William Sherwin (c. 1645–c. 1709) was an English engraver, one of the first to work with mezzotints.

==Life==
He was the son of William Sherwin (1607–1687?), the nonconformist minister, and was born at Wallington, Hertfordshire, where his father was rector around 1645. On his print of his father, dated 1672, he styles himself engraver to the king by patent. He married Elizabeth Pride, great-niece and ward of George Monck, 1st Duke of Albemarle, whose heir-at-law she eventually became, and there exists a pedigree of the Moncks of Potheridge engraved by Sherwin expressly to show his wife's claim to that position.

==Works==
Between 1670 and 1711 he engraved in the line style a number of portraits. These comprise large plates of Charles II, Catherine of Braganza, Prince Rupert, Baron Gerard of Brandon, the Duchess of Cleveland, and Slingsby Bethel. He also made small ones prefixed to books.

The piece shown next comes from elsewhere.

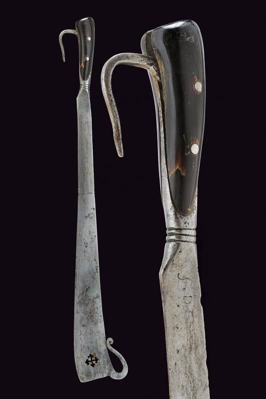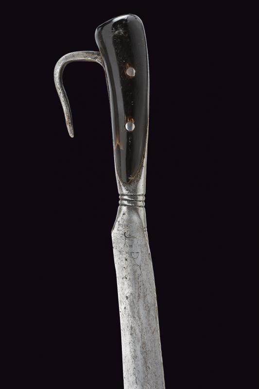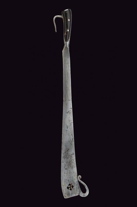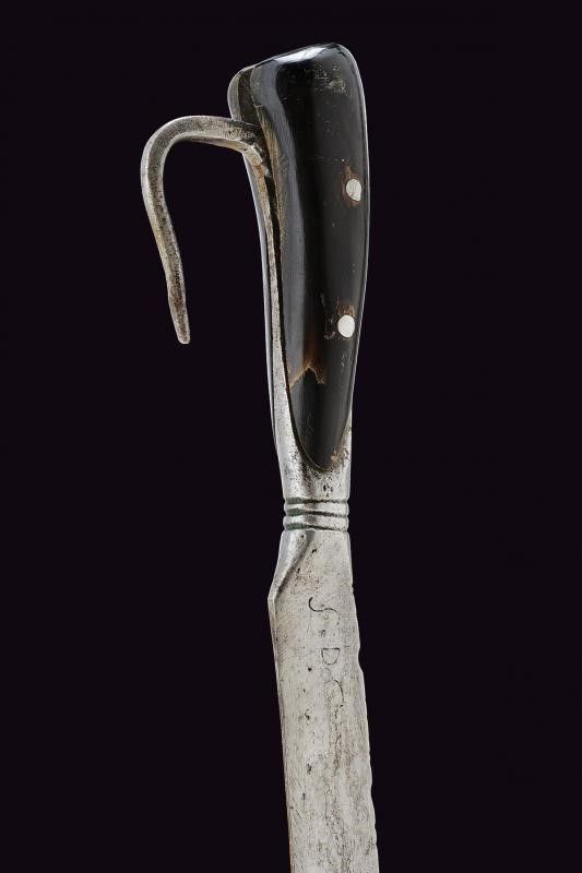 lunghezza 69.5 cm. Robusta e lunga lama, crescente verso il debole, a un filo, con punta traforata recante l'ordine dei Santi Maurizio e Lazzaro, dotata di grande ricciolo sul dorso, il quale è intagliato nella prima parte; la base marcata 'SDC'. Impugnatura tipica con guancette in corno e gancio in ferro.

He engraved the title to John Reynolds's ‘Triumphes of God's Revenge against Murder,’ 1670, several of the plates in Francis Sandford's History of the Coronation of James II, 1687, and the portraits of Dr. William Sermon, prefixed to his works.

Sherwin was one of the early practitioners of mezzotint, a technique he learned from Prince Rupert. He dedicated to the Prince a pair of large portraits of Charles II and his queen engraved using the method; the former of these is dated 1669, the earliest found on an English mezzotint. Among his other mezzotint plates are portraits of the Duke of Albemarle, Elizabeth Monck, Duchess of Albemarle, Adrian Beverland, and a number of royal personages. Sherwin seems to have worked mainly from his own drawings.